Lesula Monkeys, scientifically known as the Cercopithecus lomamiensis is a species of the Old Monkeys in the Guenon family inhabiting the Lomami Basin of the Democratic Republic of Congo. Although always known to the locals of the area, Lesula Monkeys were unknown to the International scientific Community until were discovered in 2007 and confirmed through publication in 2012. Their scientific name of lomamiensis was derived from the nearby Lomami River.
These monkeys are the second new species of the African monkeys to be discovered from 1984 (28 years). They are described to have human-looking eyes and blue bottoms. Not only, adult males have large bare patch of skin in their buttocks, perianal area and testicles. According to John A. Hart, the researcher who described the Lesula monkeys, these primates are brilliant blue and pretty spectacular.
Lesula monkeys were listed among the Top 10 new species discovered in 2012 and 2013 by the International Institute for species Exploration at Arizona State University out of more than 140 choruses.

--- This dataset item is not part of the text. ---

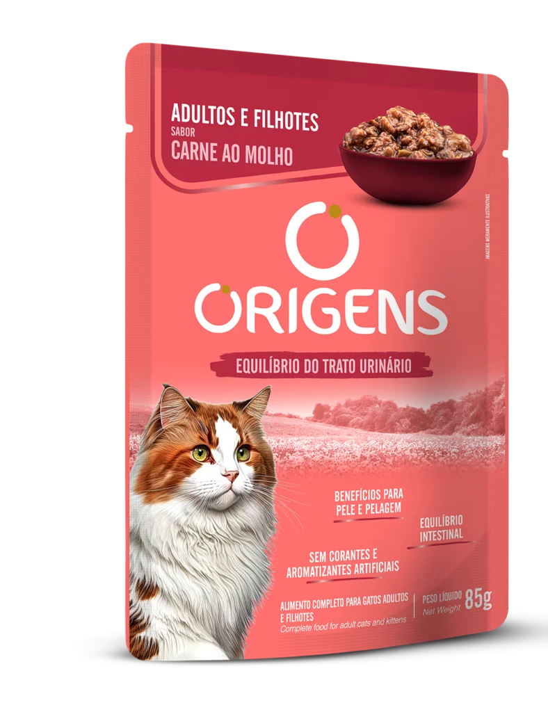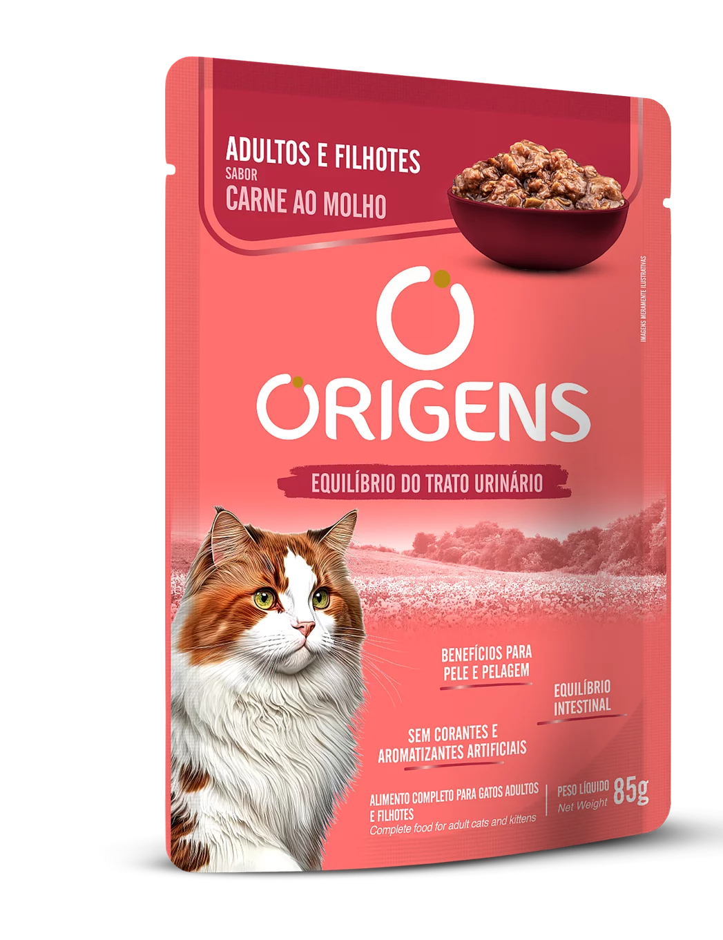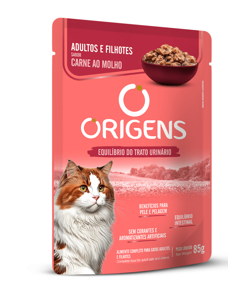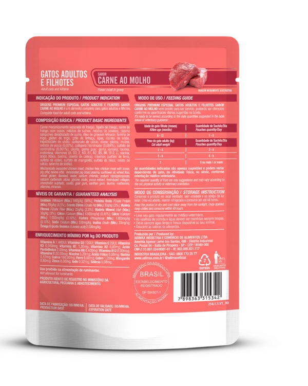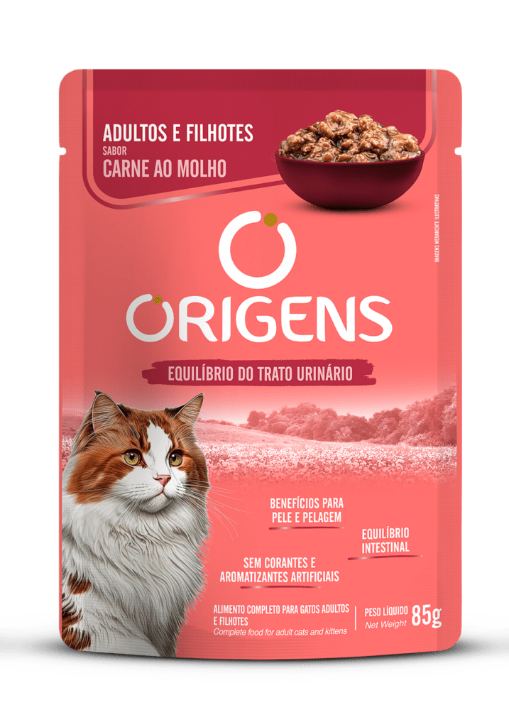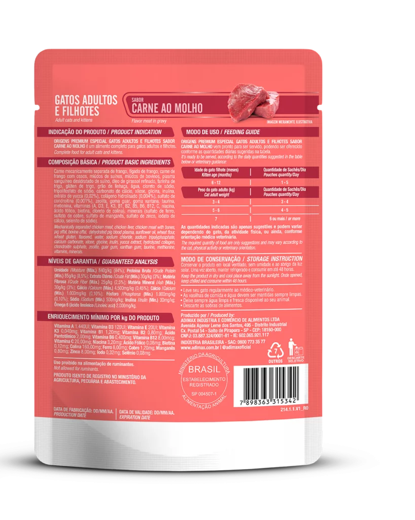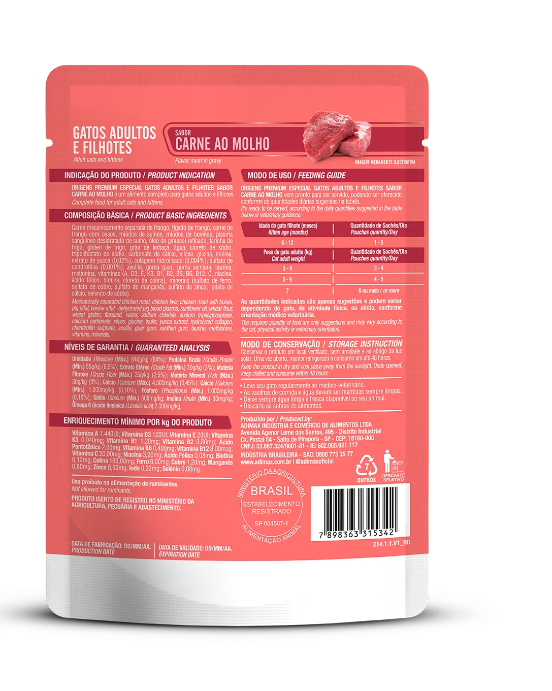 Carne mecanicamente separada de frango, fígado de frango, carne de frango com ossos, miúdos de suínos, miúdos de bovinos, plasma sanguíneo desidratado de suíno, óleo de girassol refinado, farinha de trigo, glúten de trigo, grão de linhaça, água, cloreto de sódio, tripolifosfato de sódio, carbonato de cálcio, xilose, glicina, inulina, extrato de yucca (0,02%), colágeno hidrolisado (0,004%), sulfato de condroitina (0,001%), zeolita, goma guar, goma xantana, taurina, metionina, vitaminas (A, D3, E, K3, B1, B2, B5, B6, B12, C, niacina, ácido fólico, biotina, cloreto de colina), minerais (sulfato de ferro, sulfato de cobre, sulfato de manganês, sulfato de zinco, iodato de cálcio, selenito de sódio).

They live within the remote rainforests in the Democratic Republic of Congo with the 2007 species being found in captivity in the Village of Opala. From the time of sighting, Lesula monkeys have been seen in the wild between Lomami and Tshuapa Rivers in the Central part of this country. The find started with luck when one of the field researchers saw a strange monkey in the remote Town of Opala and it took three years to confirm that the Lesula were actually new species of monkeys.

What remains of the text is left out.